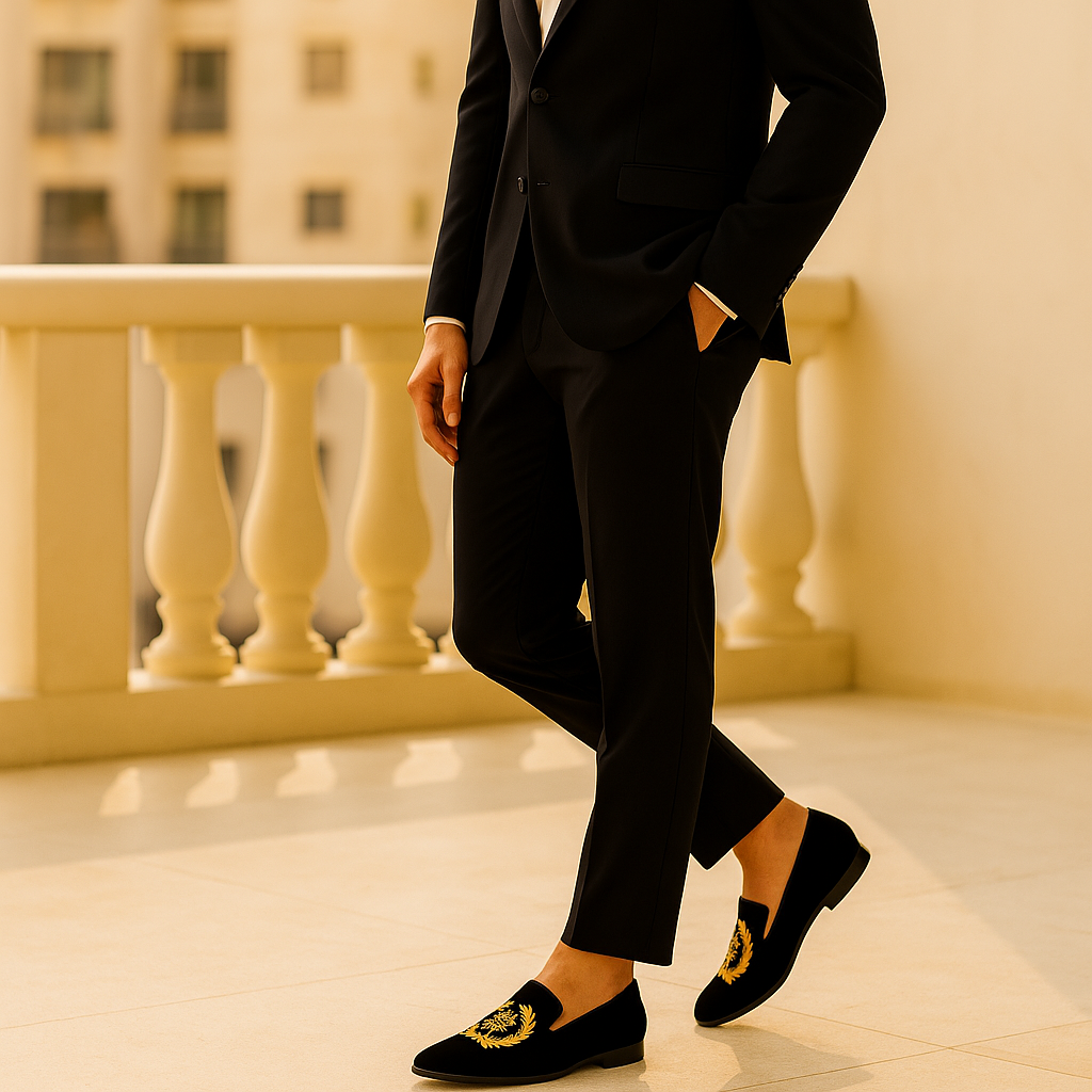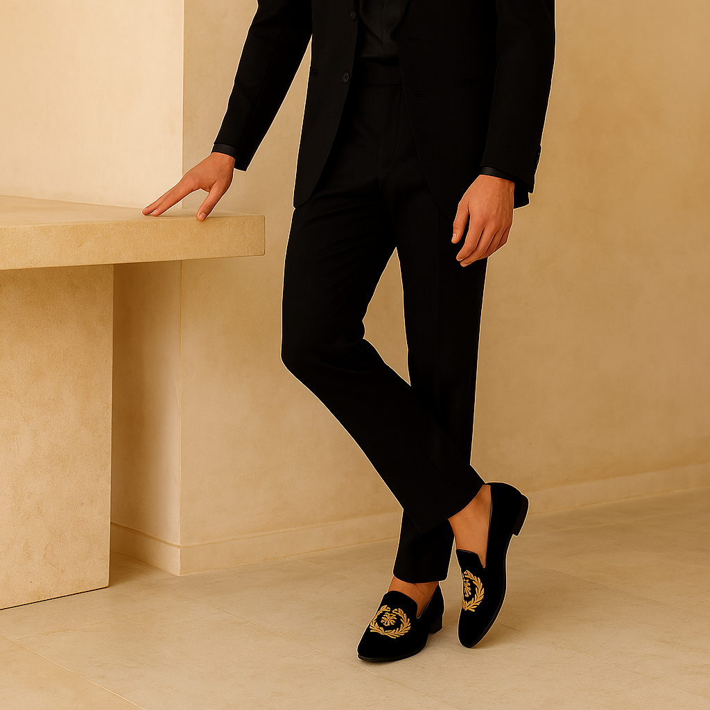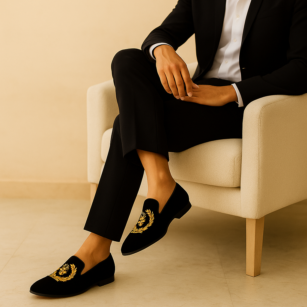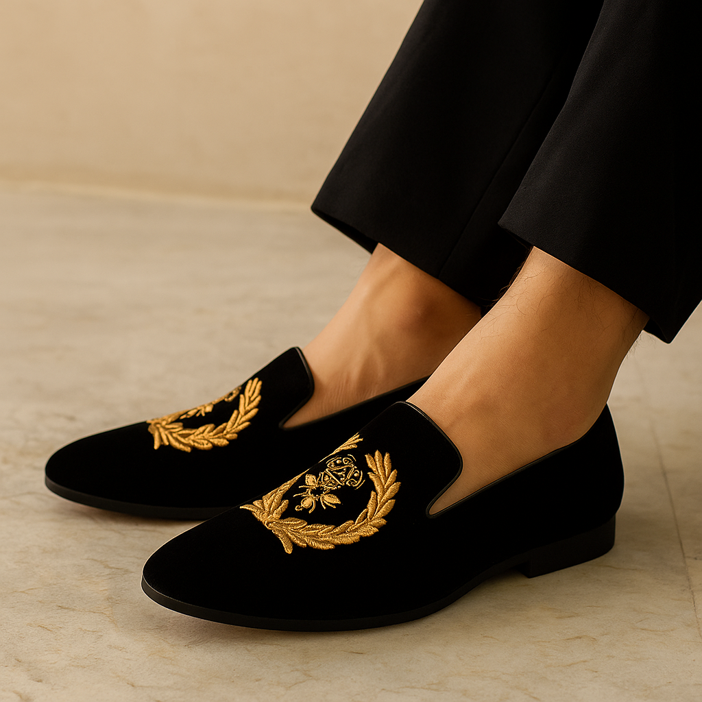 מוקסינים אלה מקטיפה עם רקמה זהובה מוסיפים נגיעה של יוקרה ואלגנטיות למראה שלך. נוחים וסטייליסטיים, הם מתאימים גם לערב אלגנטי וגם ליציאה שיקית וקלילה.
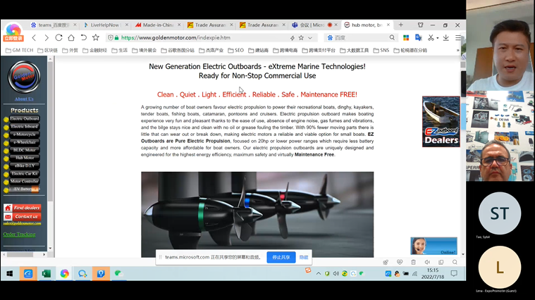 依托于26年悠久历程的专业船艇展会CIBS线下展而诞生的船艇休闲旅游在线B2B平台(XIUGLE.COM),拥有海量行业资源,已成功举行多次线上商贸配对会及一系列线上活动,为供应商匹配到优质合作伙伴,获得供应商与采购商的优良口碑。今年7月,依托XIUGLE平台,第一场聚焦于电动推进器的线上专题展成功举办。来自罗马尼亚、芬兰、土耳其的买家,成功与国内电推企业高尔登、卧龙、昊野进行了视频配对。
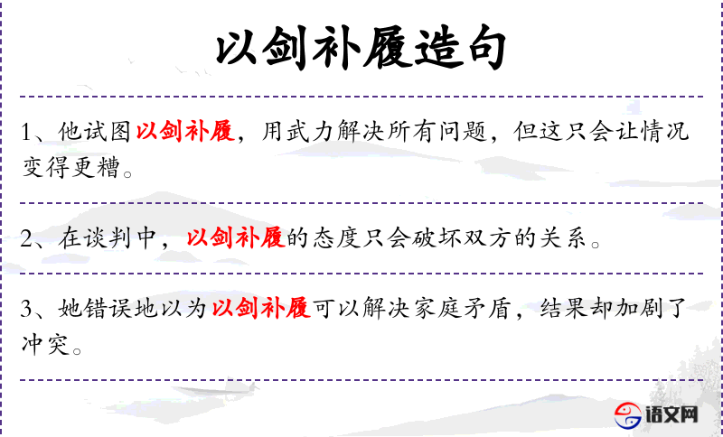 - 以剑补履:这个成语源自古代,剑是武器,履是鞋子,用剑来修补鞋子显然是不合适的。这个成语反映了人对于解决问题方式的智慧和哲学。
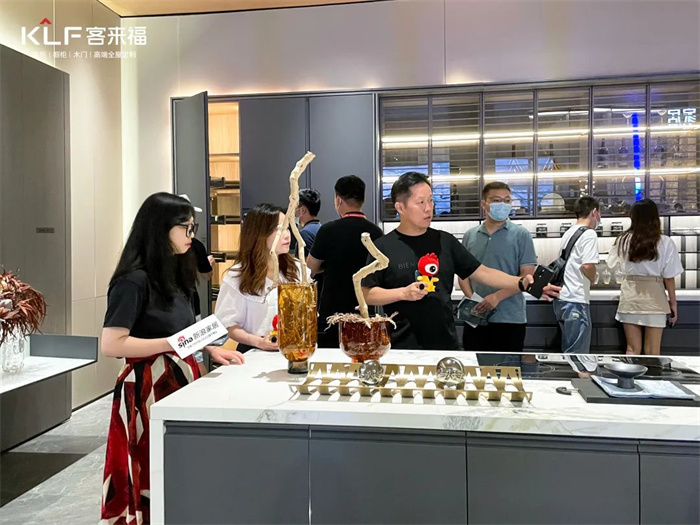 尹其宏董事長介紹道:客來福在此次展會、也是在行業(yè)內(nèi),首次重磅推出水漆實(shí)木系列產(chǎn)品。最值得一提的是“天琛”系列色板的水漆半透工藝。從制作工藝上講,采用了目前行業(yè)內(nèi)最領(lǐng)先的半透工藝——“見木不見漆”,木飾面與膚感PET的結(jié)合櫥柜。從水漆入手,水底水面,采用實(shí)木材質(zhì),看得到木皮但看不到油漆,近看可以清晰看出木紋通透的紋理感;0度膚感的觸覺,體驗(yàn)進(jìn)一步升級了產(chǎn)品的質(zhì)感。
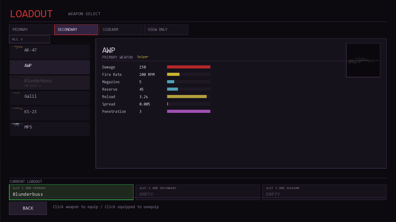 Weapon Load-outs (Select gear for each level)
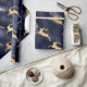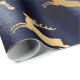 Metallic Blue and Golden Reindeer Wrapping Paper
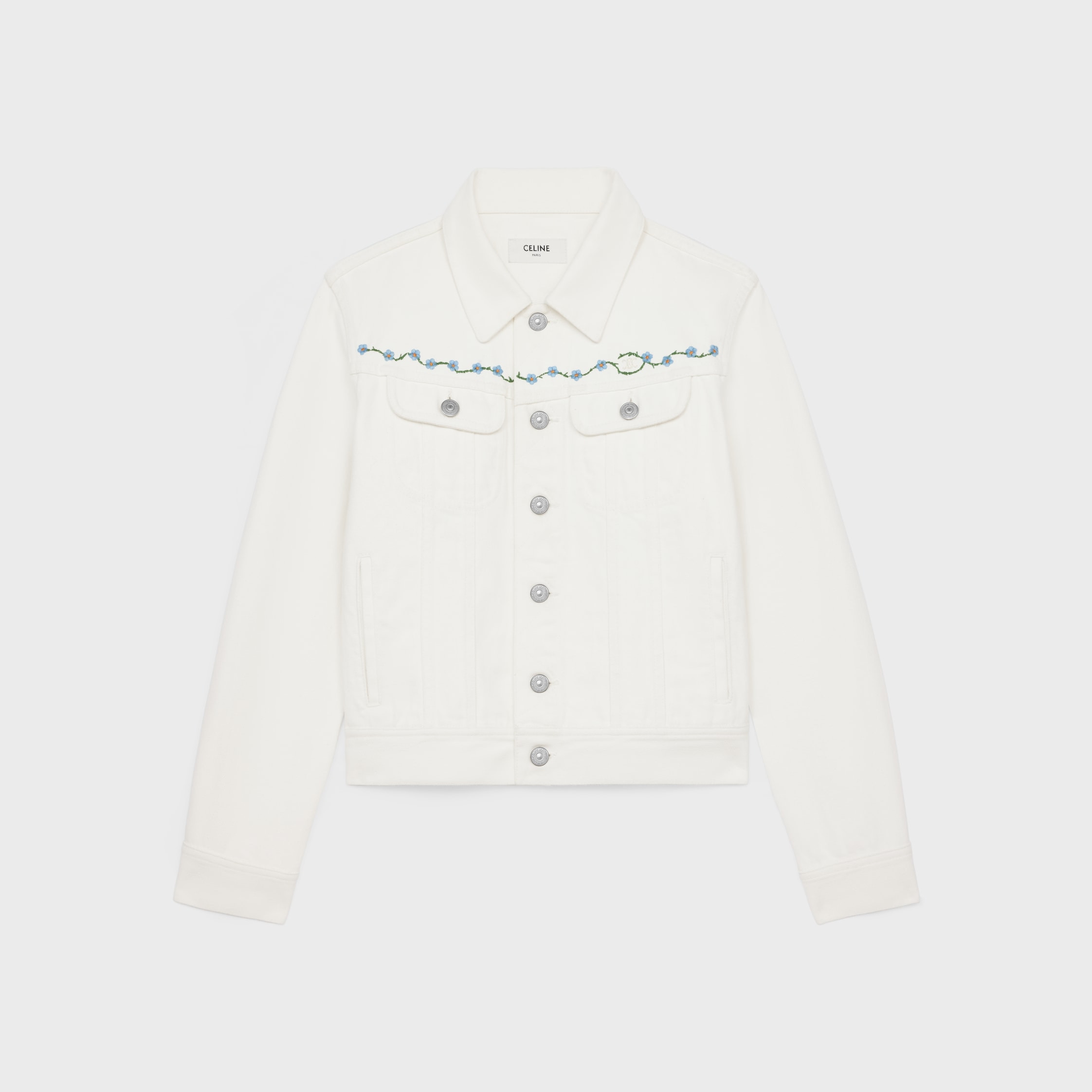 DETAILS 100% COTTON RAW WASH FLOWERS AND TRIOMPHE EMBROIDERIES CLASSIC FIT SHIRT COLLAR 2 FLAP CHEST POCKETS 2 WELT POCKETS 2 ADJUSTMENT TABS ON THE BACK 6 CELINE JEANS-ENGRAVED BUTTONS CELINE JEANS-ENGRAVED BUTTONS ON THE POCKET AND ADJUSTMENT TAB 1 CELINE JEANS-ENGRAVED BUTTON ON THE CUFFS MADE IN ITALY REFERENCE: RV0KO360W.07IA
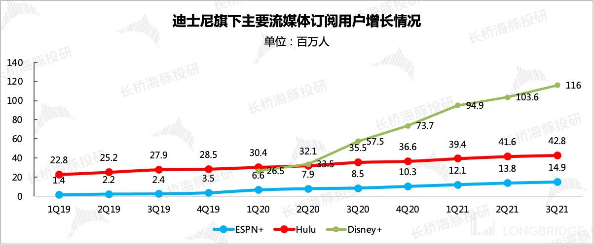 不过如果换一个角度,这也说明长期下流媒体的潜在市场巨大。因此尽管迪士尼从 2020 年才正式推出自己的流媒体平台 Disney+,之前主要靠收购别家的,动作虽晚但仍然不算太迟。尤其是在近两年疫情封锁期间,用户使用习惯在被动教育下,流媒体的渗透之路会比之前的预期走得更轻松一些。
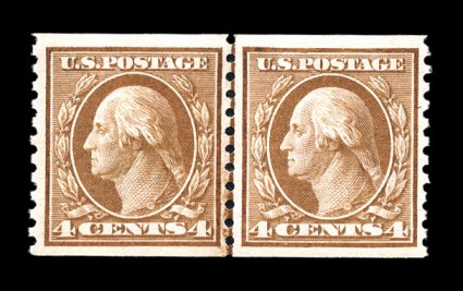 363 nh 457 image#457, 4c Brown rotary coil, perf. 10 vert., joint line pair, extraordinarily well centered and margined, bright rich color and a crisp impression, o.g., n.h., extremely fine; a pristine line pair; 1987 PF certificate; ex-Lessin. (Image) $325.00
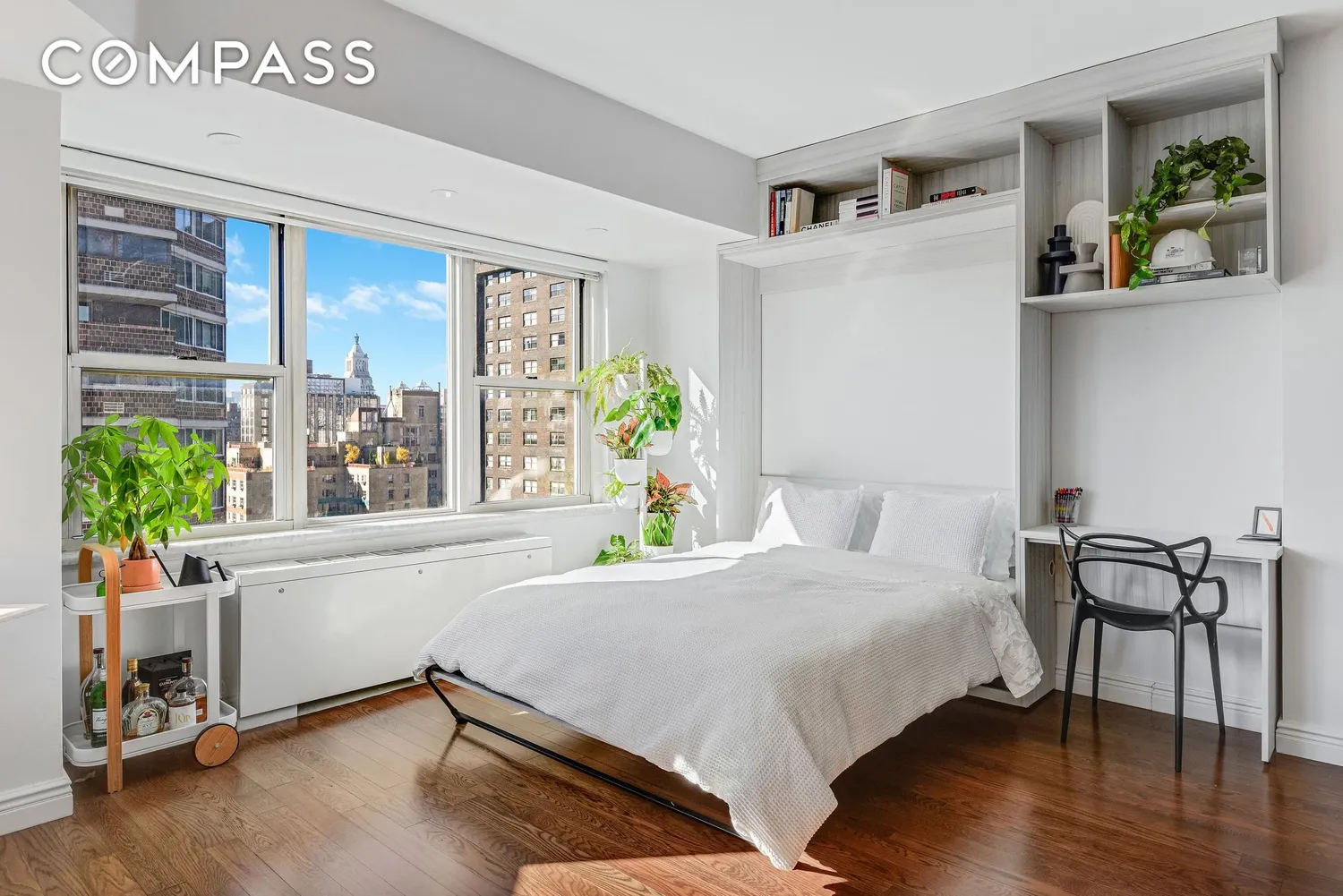 The modern Queen sized Murphy bed with built in desk and shelving is sleek and clever, seamlessly integrating into the wall. The clean lines maintain the minimal and sophisticated aesthetic throughout as well as maximizing every inch of your penthouse studio.
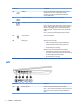 (1) Security cable slot Attaches an optional security cable to the computer.

- **Aim of the task**
Retype the data above as given, letting no picture into the copy.

- **Solved exercise**
 מוקסינים אלה מקטיפה עם רקמה זהובה מוסיפים נגיעה של יוקרה ואלגנטיות למראה שלך. נוחים וסטייליסטיים, הם מתאימים גם לערב אלגנטי וגם ליציאה שיקית וקלילה.
 依托于26年悠久历程的专业船艇展会CIBS线下展而诞生的船艇休闲旅游在线B2B平台(XIUGLE.COM),拥有海量行业资源,已成功举行多次线上商贸配对会及一系列线上活动,为供应商匹配到优质合作伙伴,获得供应商与采购商的优良口碑。今年7月,依托XIUGLE平台,第一场聚焦于电动推进器的线上专题展成功举办。来自罗马尼亚、芬兰、土耳其的买家,成功与国内电推企业高尔登、卧龙、昊野进行了视频配对。
 - 以剑补履:这个成语源自古代,剑是武器,履是鞋子,用剑来修补鞋子显然是不合适的。这个成语反映了人对于解决问题方式的智慧和哲学。
 尹其宏董事長介紹道:客來福在此次展會、也是在行業(yè)內(nèi),首次重磅推出水漆實(shí)木系列產(chǎn)品。最值得一提的是“天琛”系列色板的水漆半透工藝。從制作工藝上講,采用了目前行業(yè)內(nèi)最領(lǐng)先的半透工藝——“見木不見漆”,木飾面與膚感PET的結(jié)合櫥柜。從水漆入手,水底水面,采用實(shí)木材質(zhì),看得到木皮但看不到油漆,近看可以清晰看出木紋通透的紋理感;0度膚感的觸覺,體驗(yàn)進(jìn)一步升級了產(chǎn)品的質(zhì)感。
 Weapon Load-outs (Select gear for each level)
 Metallic Blue and Golden Reindeer Wrapping Paper
 DETAILS 100% COTTON RAW WASH FLOWERS AND TRIOMPHE EMBROIDERIES CLASSIC FIT SHIRT COLLAR 2 FLAP CHEST POCKETS 2 WELT POCKETS 2 ADJUSTMENT TABS ON THE BACK 6 CELINE JEANS-ENGRAVED BUTTONS CELINE JEANS-ENGRAVED BUTTONS ON THE POCKET AND ADJUSTMENT TAB 1 CELINE JEANS-ENGRAVED BUTTON ON THE CUFFS MADE IN ITALY REFERENCE: RV0KO360W.07IA
 不过如果换一个角度,这也说明长期下流媒体的潜在市场巨大。因此尽管迪士尼从 2020 年才正式推出自己的流媒体平台 Disney+,之前主要靠收购别家的,动作虽晚但仍然不算太迟。尤其是在近两年疫情封锁期间,用户使用习惯在被动教育下,流媒体的渗透之路会比之前的预期走得更轻松一些。
 363 nh 457 image#457, 4c Brown rotary coil, perf. 10 vert., joint line pair, extraordinarily well centered and margined, bright rich color and a crisp impression, o.g., n.h., extremely fine; a pristine line pair; 1987 PF certificate; ex-Lessin. (Image) $325.00
 The modern Queen sized Murphy bed with built in desk and shelving is sleek and clever, seamlessly integrating into the wall. The clean lines maintain the minimal and sophisticated aesthetic throughout as well as maximizing every inch of your penthouse studio.
 (1) Security cable slot Attaches an optional security cable to the computer.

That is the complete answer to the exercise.